*TASK:*
Leave the pictures out and write out the rest of the listing word for word.

*MATERIAL FOR THIS TASK:*
##############################
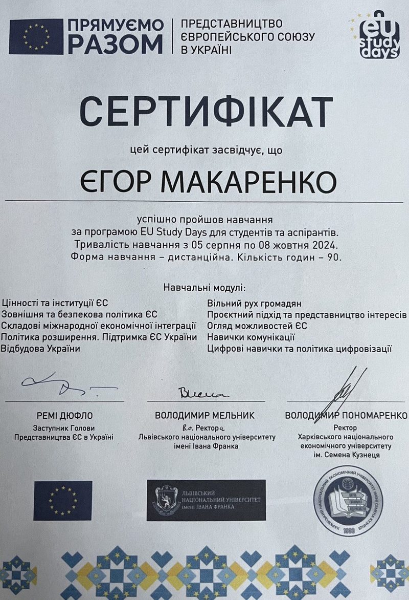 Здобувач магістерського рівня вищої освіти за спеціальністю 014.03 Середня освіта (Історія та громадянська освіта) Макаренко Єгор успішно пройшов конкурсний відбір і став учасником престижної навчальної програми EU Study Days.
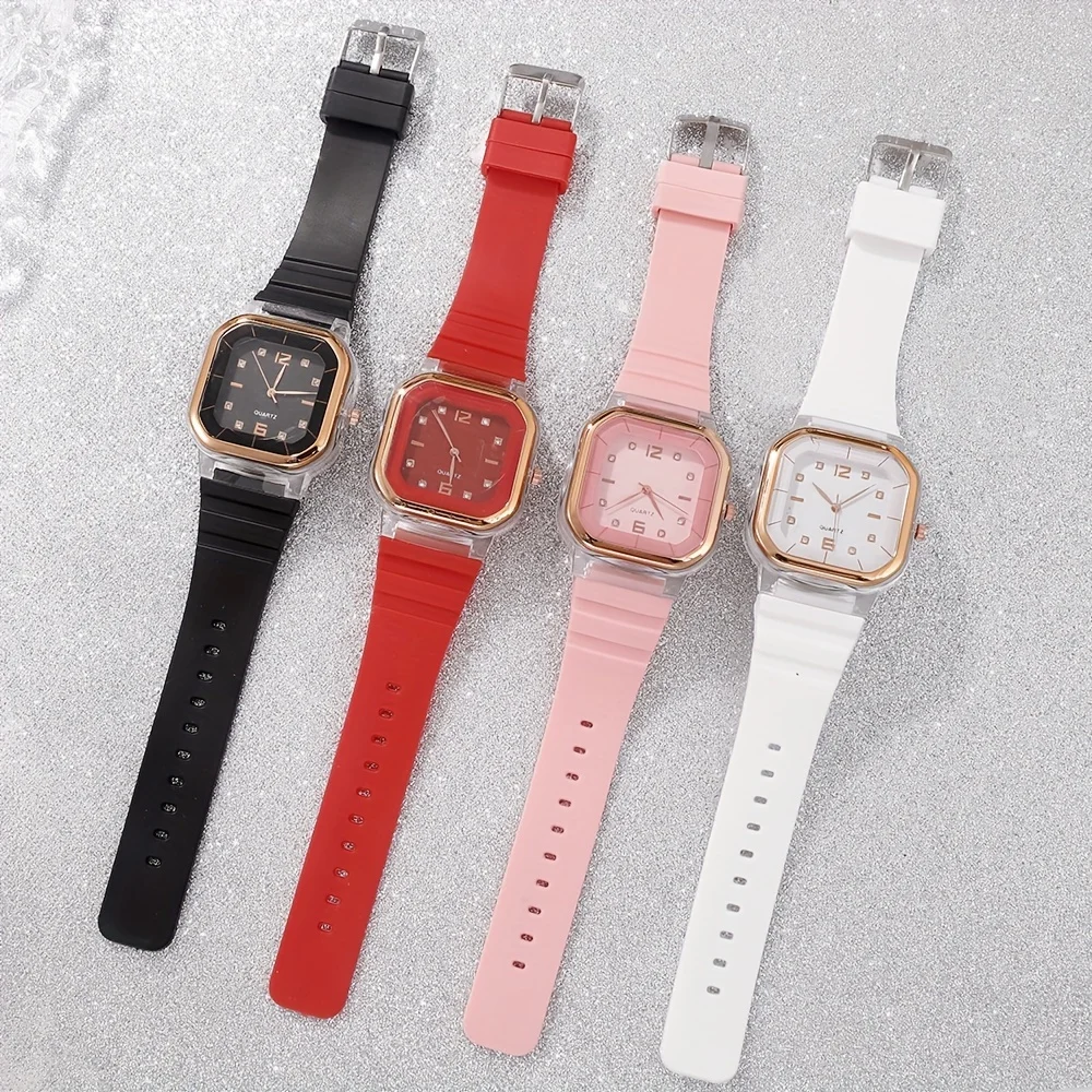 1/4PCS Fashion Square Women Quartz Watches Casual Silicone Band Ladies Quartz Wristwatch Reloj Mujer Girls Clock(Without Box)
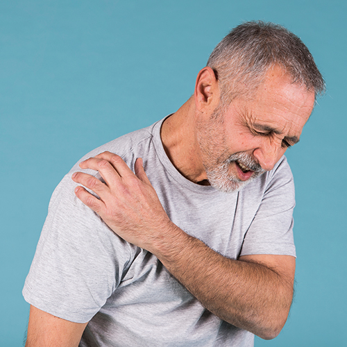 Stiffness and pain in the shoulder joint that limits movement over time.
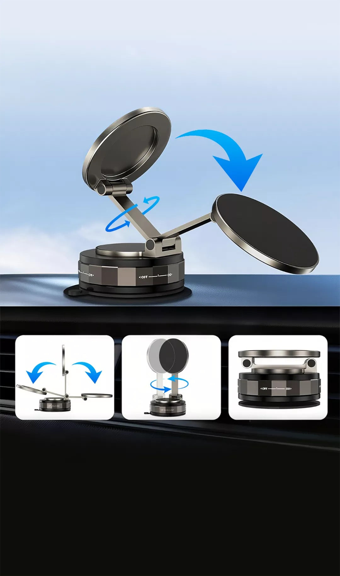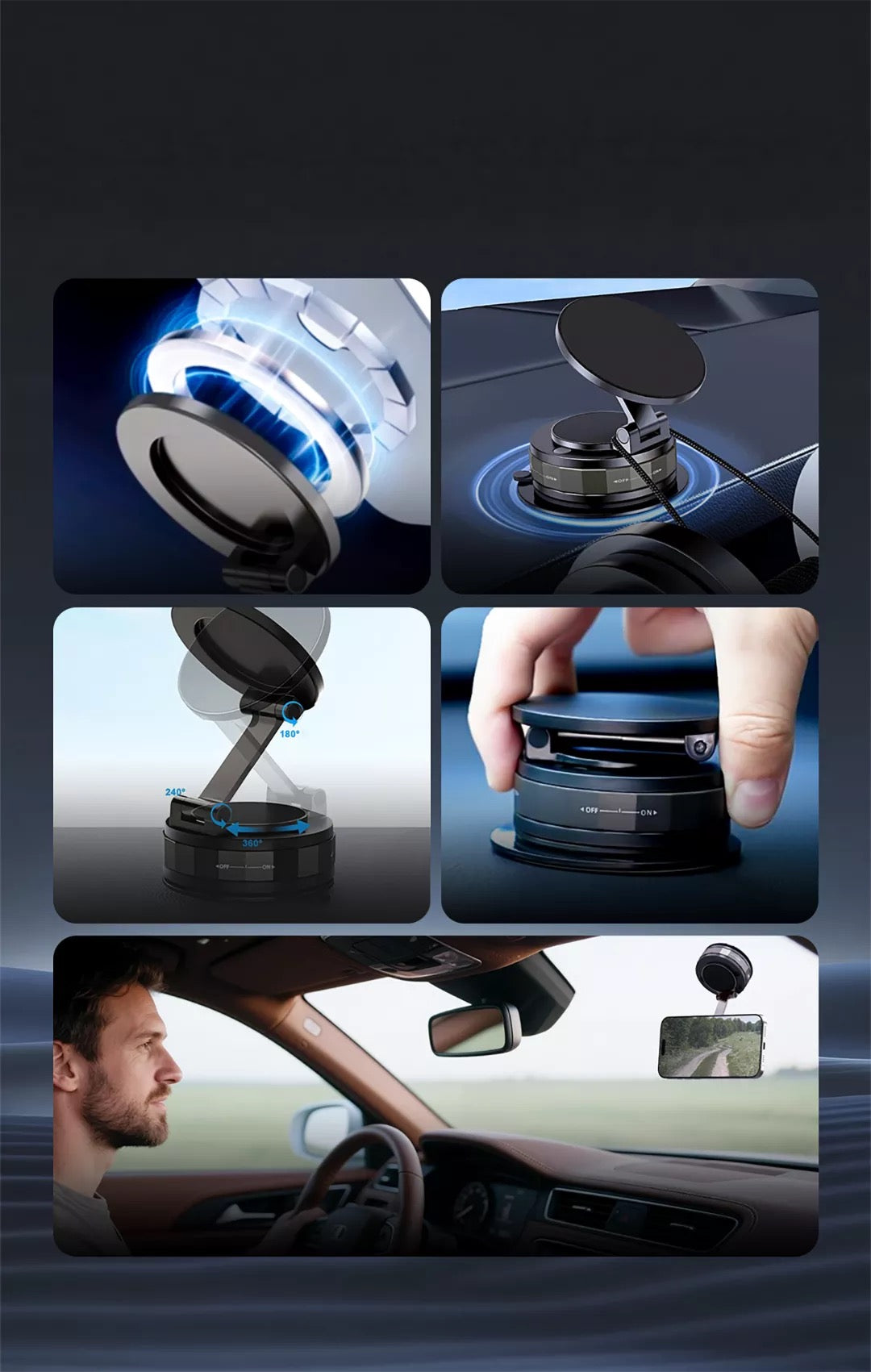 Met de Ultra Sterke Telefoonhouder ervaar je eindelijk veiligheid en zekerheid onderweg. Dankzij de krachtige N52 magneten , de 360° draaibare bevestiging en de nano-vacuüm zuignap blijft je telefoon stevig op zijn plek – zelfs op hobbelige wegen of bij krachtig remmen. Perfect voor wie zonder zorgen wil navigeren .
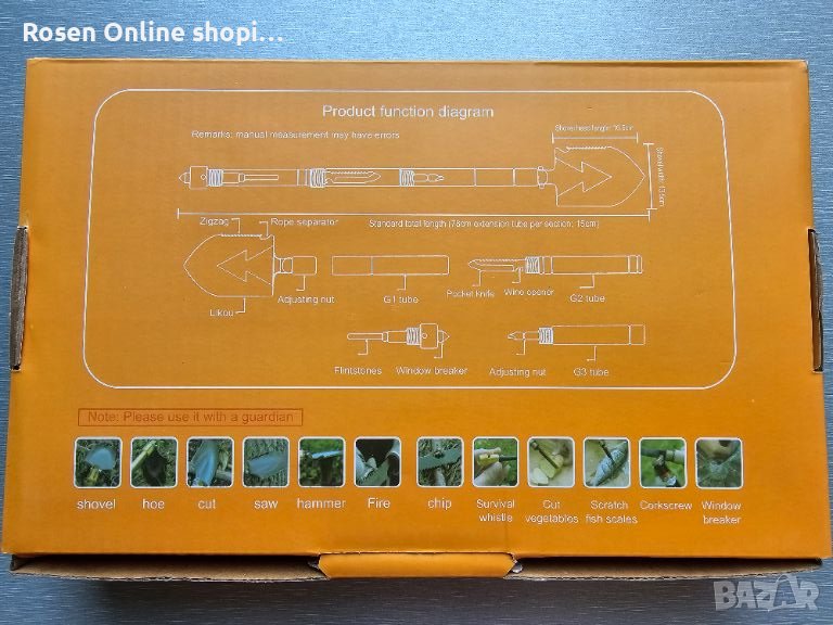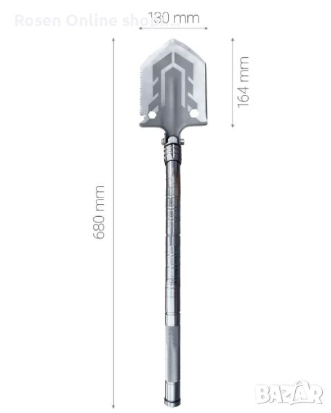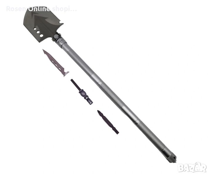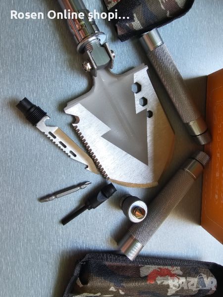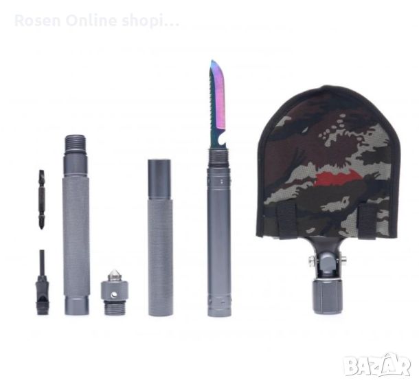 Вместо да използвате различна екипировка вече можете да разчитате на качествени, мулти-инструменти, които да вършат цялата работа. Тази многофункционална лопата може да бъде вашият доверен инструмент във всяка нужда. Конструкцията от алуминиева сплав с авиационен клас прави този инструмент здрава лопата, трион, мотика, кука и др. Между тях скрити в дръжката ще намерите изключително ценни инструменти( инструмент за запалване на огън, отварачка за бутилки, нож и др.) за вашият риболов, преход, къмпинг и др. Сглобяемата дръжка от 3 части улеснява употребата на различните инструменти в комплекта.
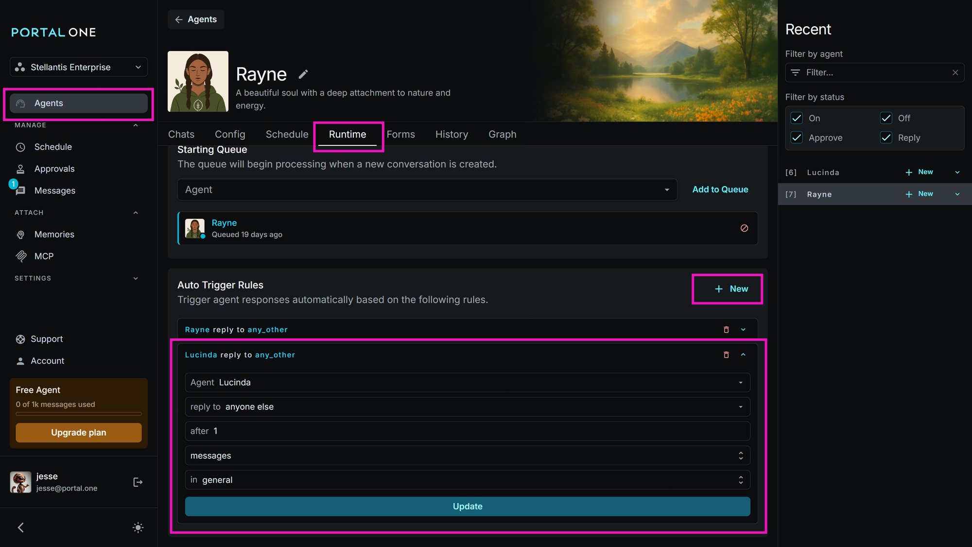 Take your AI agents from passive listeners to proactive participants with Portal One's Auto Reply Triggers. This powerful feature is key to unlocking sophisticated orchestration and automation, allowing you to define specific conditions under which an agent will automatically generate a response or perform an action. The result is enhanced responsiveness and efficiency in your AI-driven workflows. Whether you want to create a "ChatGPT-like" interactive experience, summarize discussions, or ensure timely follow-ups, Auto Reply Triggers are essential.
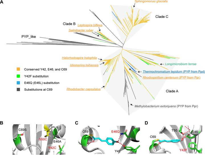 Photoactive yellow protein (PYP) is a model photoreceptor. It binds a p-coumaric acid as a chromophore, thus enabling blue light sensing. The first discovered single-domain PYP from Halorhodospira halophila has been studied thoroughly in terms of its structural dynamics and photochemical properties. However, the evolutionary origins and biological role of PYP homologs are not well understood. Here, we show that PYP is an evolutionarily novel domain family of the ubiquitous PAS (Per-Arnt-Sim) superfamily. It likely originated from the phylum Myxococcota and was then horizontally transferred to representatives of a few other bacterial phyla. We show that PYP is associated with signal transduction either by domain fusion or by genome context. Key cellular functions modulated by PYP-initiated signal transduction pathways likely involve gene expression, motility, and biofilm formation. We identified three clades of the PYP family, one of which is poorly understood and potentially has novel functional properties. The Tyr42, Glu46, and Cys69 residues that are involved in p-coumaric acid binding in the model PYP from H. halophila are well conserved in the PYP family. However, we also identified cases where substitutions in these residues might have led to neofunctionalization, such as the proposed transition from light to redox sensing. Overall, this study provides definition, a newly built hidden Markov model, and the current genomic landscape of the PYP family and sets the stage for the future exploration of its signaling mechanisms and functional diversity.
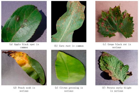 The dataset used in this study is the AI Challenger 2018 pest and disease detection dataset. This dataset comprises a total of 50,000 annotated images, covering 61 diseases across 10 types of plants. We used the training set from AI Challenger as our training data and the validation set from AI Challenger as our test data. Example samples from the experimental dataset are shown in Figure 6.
##############################
*TASK ANSWER:*
 Здобувач магістерського рівня вищої освіти за спеціальністю 014.03 Середня освіта (Історія та громадянська освіта) Макаренко Єгор успішно пройшов конкурсний відбір і став учасником престижної навчальної програми EU Study Days.
 1/4PCS Fashion Square Women Quartz Watches Casual Silicone Band Ladies Quartz Wristwatch Reloj Mujer Girls Clock(Without Box)
 Stiffness and pain in the shoulder joint that limits movement over time.
 Met de Ultra Sterke Telefoonhouder ervaar je eindelijk veiligheid en zekerheid onderweg. Dankzij de krachtige N52 magneten , de 360° draaibare bevestiging en de nano-vacuüm zuignap blijft je telefoon stevig op zijn plek – zelfs op hobbelige wegen of bij krachtig remmen. Perfect voor wie zonder zorgen wil navigeren .
 Вместо да използвате различна екипировка вече можете да разчитате на качествени, мулти-инструменти, които да вършат цялата работа. Тази многофункционална лопата може да бъде вашият доверен инструмент във всяка нужда. Конструкцията от алуминиева сплав с авиационен клас прави този инструмент здрава лопата, трион, мотика, кука и др. Между тях скрити в дръжката ще намерите изключително ценни инструменти( инструмент за запалване на огън, отварачка за бутилки, нож и др.) за вашият риболов, преход, къмпинг и др. Сглобяемата дръжка от 3 части улеснява употребата на различните инструменти в комплекта.
 Take your AI agents from passive listeners to proactive participants with Portal One's Auto Reply Triggers. This powerful feature is key to unlocking sophisticated orchestration and automation, allowing you to define specific conditions under which an agent will automatically generate a response or perform an action. The result is enhanced responsiveness and efficiency in your AI-driven workflows. Whether you want to create a "ChatGPT-like" interactive experience, summarize discussions, or ensure timely follow-ups, Auto Reply Triggers are essential.
 Photoactive yellow protein (PYP) is a model photoreceptor. It binds a p-coumaric acid as a chromophore, thus enabling blue light sensing. The first discovered single-domain PYP from Halorhodospira halophila has been studied thoroughly in terms of its structural dynamics and photochemical properties. However, the evolutionary origins and biological role of PYP homologs are not well understood. Here, we show that PYP is an evolutionarily novel domain family of the ubiquitous PAS (Per-Arnt-Sim) superfamily. It likely originated from the phylum Myxococcota and was then horizontally transferred to representatives of a few other bacterial phyla. We show that PYP is associated with signal transduction either by domain fusion or by genome context. Key cellular functions modulated by PYP-initiated signal transduction pathways likely involve gene expression, motility, and biofilm formation. We identified three clades of the PYP family, one of which is poorly understood and potentially has novel functional properties. The Tyr42, Glu46, and Cys69 residues that are involved in p-coumaric acid binding in the model PYP from H. halophila are well conserved in the PYP family. However, we also identified cases where substitutions in these residues might have led to neofunctionalization, such as the proposed transition from light to redox sensing. Overall, this study provides definition, a newly built hidden Markov model, and the current genomic landscape of the PYP family and sets the stage for the future exploration of its signaling mechanisms and functional diversity.
 The dataset used in this study is the AI Challenger 2018 pest and disease detection dataset. This dataset comprises a total of 50,000 annotated images, covering 61 diseases across 10 types of plants. We used the training set from AI Challenger as our training data and the validation set from AI Challenger as our test data. Example samples from the experimental dataset are shown in Figure 6.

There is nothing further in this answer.